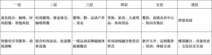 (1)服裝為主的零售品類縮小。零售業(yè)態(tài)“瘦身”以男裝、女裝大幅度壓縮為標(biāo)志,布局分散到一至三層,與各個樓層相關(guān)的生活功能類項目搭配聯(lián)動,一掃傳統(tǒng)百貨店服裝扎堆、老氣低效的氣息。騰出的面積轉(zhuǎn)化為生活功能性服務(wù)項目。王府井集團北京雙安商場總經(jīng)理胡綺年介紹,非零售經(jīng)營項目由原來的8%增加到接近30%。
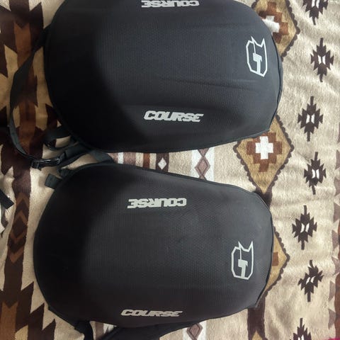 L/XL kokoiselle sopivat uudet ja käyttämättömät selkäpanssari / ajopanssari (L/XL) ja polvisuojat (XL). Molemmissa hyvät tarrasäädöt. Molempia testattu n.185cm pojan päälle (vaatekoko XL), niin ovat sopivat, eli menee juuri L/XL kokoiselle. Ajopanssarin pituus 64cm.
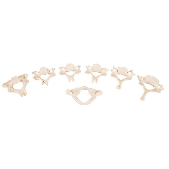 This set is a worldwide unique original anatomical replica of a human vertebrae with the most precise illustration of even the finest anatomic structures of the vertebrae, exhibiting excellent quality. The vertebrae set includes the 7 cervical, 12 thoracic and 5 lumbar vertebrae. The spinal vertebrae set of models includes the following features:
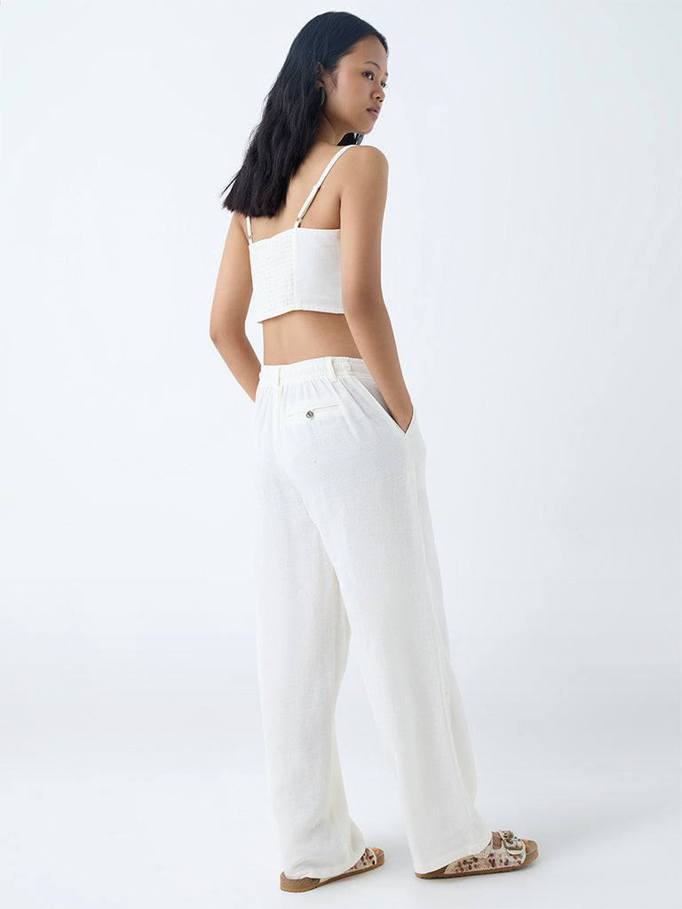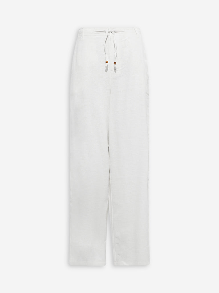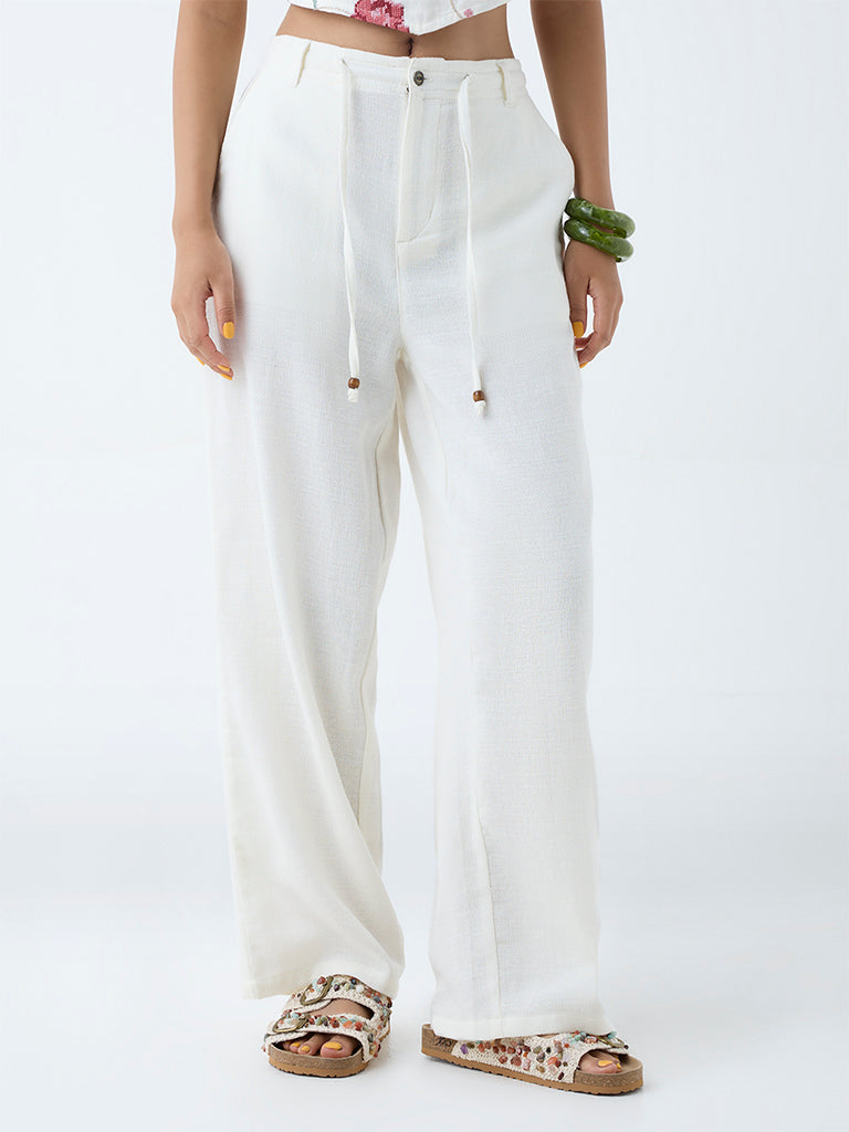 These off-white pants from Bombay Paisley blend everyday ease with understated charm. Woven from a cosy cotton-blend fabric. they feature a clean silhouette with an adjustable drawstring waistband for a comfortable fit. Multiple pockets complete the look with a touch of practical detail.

--

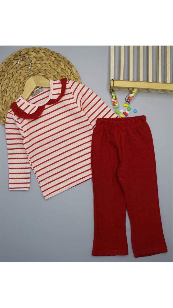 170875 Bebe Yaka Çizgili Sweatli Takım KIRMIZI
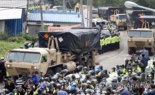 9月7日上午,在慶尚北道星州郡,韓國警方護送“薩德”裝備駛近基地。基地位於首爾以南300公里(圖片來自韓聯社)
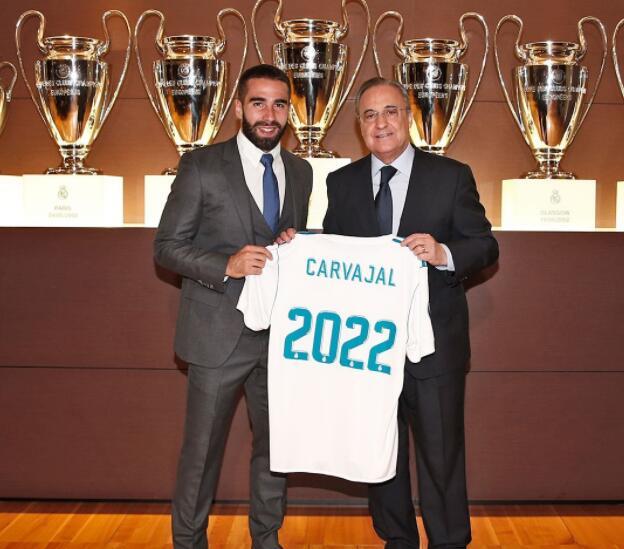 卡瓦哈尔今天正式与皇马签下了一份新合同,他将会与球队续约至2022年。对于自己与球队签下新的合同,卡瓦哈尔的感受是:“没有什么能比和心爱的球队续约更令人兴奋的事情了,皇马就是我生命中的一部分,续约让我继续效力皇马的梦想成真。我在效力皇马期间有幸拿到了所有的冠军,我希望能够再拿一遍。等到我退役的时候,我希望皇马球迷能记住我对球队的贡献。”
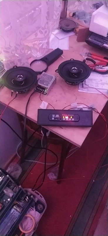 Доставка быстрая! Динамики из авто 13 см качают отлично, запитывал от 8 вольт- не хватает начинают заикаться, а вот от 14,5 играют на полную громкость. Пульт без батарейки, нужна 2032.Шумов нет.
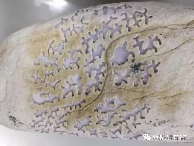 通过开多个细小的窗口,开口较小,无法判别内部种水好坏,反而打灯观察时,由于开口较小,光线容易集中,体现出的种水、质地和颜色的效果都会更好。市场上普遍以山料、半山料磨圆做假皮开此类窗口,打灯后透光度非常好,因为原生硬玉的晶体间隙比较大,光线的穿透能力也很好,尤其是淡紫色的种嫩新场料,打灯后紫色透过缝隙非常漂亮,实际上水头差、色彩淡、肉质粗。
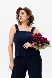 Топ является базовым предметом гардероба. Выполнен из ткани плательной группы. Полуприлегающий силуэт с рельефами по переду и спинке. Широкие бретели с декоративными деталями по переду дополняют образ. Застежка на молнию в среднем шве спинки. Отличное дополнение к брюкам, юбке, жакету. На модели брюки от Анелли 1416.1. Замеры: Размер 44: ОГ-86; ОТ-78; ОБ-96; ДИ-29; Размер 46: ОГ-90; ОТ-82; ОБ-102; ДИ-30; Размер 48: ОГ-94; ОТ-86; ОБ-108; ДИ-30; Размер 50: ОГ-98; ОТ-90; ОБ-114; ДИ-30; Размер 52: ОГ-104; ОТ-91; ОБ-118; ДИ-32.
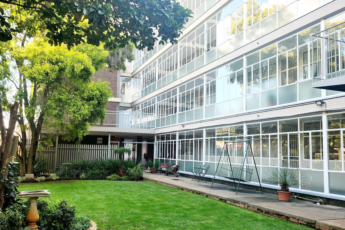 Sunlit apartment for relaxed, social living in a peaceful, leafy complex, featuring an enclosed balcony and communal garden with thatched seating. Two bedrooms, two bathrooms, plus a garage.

--- ASSIGNMENT ---
Only one part of the listing is wanted: the lines from the one containing "L/XL kokoiselle sopivat" through the one containing "These off-white pants", both included. Please transcribe it exactly, leaving out the pictures.

--- RESPONSE TO THE EXERCISE ---
 L/XL kokoiselle sopivat uudet ja käyttämättömät selkäpanssari / ajopanssari (L/XL) ja polvisuojat (XL). Molemmissa hyvät tarrasäädöt. Molempia testattu n.185cm pojan päälle (vaatekoko XL), niin ovat sopivat, eli menee juuri L/XL kokoiselle. Ajopanssarin pituus 64cm.
 This set is a worldwide unique original anatomical replica of a human vertebrae with the most precise illustration of even the finest anatomic structures of the vertebrae, exhibiting excellent quality. The vertebrae set includes the 7 cervical, 12 thoracic and 5 lumbar vertebrae. The spinal vertebrae set of models includes the following features:
 These off-white pants from Bombay Paisley blend everyday ease with understated charm. Woven from a cosy cotton-blend fabric. they feature a clean silhouette with an adjustable drawstring waistband for a comfortable fit. Multiple pockets complete the look with a touch of practical detail.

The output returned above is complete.